Your task :: Once the line containing "Sprawdź, czy adres" is found in the records below, return it and each following line exactly, up to and including the line containing "Параметр силы сигнала", and nothing else.

Data listing ::
= Beginning of Section =

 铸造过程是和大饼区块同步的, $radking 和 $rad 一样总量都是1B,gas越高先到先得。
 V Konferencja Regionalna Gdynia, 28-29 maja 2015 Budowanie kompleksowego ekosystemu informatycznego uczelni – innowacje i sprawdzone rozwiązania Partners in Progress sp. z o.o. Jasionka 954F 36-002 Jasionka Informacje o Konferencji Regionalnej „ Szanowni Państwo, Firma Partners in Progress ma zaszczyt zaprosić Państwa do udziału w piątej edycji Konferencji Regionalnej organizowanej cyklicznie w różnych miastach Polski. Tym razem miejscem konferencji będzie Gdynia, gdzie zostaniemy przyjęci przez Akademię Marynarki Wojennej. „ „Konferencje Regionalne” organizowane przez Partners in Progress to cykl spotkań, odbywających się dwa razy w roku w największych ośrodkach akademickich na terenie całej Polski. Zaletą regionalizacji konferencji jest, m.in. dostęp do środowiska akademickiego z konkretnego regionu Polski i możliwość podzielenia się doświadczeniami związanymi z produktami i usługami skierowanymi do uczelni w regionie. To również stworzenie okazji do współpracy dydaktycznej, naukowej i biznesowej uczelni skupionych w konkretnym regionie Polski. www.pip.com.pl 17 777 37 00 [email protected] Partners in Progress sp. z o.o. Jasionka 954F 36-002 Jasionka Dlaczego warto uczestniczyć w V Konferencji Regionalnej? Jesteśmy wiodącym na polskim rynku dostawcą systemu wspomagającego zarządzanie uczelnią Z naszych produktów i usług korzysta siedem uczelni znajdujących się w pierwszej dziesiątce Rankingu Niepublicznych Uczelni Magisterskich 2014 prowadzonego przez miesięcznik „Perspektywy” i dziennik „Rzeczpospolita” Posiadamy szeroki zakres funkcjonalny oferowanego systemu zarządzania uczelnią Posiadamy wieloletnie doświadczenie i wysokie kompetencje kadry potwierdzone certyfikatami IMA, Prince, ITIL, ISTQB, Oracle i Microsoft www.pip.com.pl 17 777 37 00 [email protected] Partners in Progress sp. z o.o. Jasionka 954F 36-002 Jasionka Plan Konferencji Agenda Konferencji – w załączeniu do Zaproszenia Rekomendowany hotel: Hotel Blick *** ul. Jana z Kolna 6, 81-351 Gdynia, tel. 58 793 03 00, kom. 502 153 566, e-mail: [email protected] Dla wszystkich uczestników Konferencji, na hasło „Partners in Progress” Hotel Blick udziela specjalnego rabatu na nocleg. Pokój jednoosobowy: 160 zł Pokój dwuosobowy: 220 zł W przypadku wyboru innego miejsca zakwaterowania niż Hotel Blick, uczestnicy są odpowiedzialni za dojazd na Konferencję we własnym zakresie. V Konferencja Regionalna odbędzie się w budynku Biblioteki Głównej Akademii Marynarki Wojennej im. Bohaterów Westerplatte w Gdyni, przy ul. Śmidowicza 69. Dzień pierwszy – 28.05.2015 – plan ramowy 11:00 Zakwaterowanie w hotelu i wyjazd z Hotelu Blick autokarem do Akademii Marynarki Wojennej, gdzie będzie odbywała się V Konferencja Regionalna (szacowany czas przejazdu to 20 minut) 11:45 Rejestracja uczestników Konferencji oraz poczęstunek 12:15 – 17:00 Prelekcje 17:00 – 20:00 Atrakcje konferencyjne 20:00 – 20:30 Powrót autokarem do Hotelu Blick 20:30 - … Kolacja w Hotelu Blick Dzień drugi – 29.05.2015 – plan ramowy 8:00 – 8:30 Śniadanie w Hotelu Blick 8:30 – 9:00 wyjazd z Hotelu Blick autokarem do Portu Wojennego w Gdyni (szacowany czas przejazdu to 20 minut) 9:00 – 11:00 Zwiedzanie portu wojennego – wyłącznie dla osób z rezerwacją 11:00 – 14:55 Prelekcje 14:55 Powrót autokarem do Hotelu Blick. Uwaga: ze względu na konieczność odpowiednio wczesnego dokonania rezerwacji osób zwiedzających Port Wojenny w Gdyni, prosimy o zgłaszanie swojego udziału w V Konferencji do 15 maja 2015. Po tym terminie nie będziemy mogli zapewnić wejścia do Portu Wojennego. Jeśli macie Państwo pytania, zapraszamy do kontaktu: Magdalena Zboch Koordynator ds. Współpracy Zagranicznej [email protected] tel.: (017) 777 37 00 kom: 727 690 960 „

= End of Section =
= Beginning of Section =

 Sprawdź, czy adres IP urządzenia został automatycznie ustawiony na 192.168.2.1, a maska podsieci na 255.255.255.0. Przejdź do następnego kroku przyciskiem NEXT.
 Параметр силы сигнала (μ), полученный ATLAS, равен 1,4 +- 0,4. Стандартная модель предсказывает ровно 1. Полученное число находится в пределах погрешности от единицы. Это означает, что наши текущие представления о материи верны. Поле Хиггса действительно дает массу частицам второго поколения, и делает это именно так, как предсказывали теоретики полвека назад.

= End of Section =
= Beginning of Section =

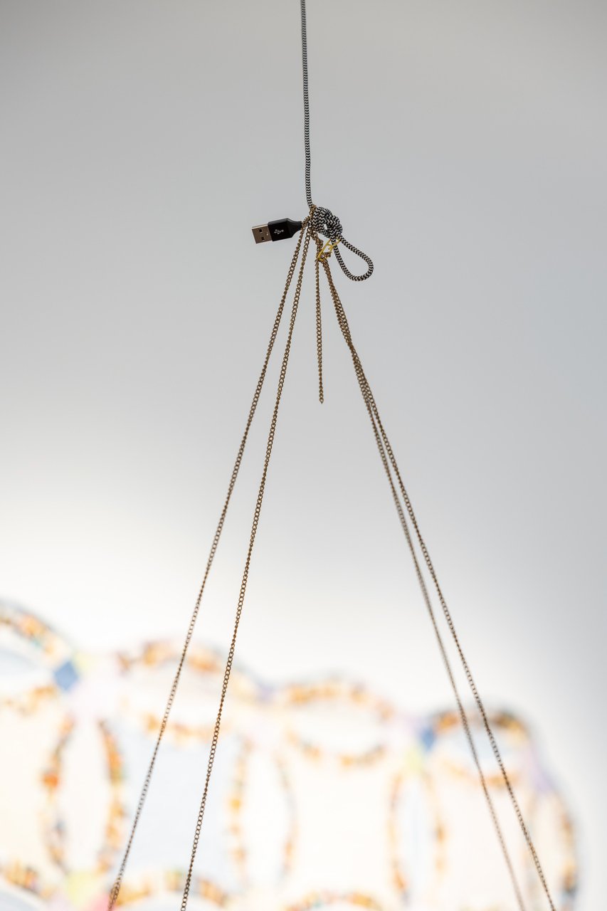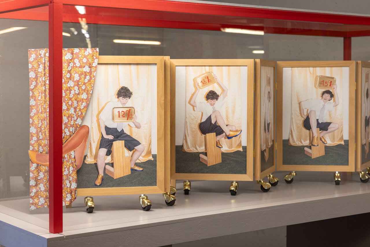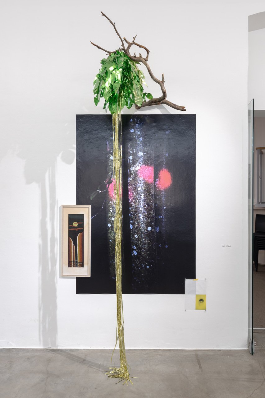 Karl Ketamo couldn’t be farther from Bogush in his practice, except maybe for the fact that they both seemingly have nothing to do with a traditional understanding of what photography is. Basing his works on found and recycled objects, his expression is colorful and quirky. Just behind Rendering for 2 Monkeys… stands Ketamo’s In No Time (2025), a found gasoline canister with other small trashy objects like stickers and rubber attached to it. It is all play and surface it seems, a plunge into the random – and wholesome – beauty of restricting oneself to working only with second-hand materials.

= End of Section =

Task response ::
 Sprawdź, czy adres IP urządzenia został automatycznie ustawiony na 192.168.2.1, a maska podsieci na 255.255.255.0. Przejdź do następnego kroku przyciskiem NEXT.
 Параметр силы сигнала (μ), полученный ATLAS, равен 1,4 +- 0,4. Стандартная модель предсказывает ровно 1. Полученное число находится в пределах погрешности от единицы. Это означает, что наши текущие представления о материи верны. Поле Хиггса действительно дает массу частицам второго поколения, и делает это именно так, как предсказывали теоретики полвека назад.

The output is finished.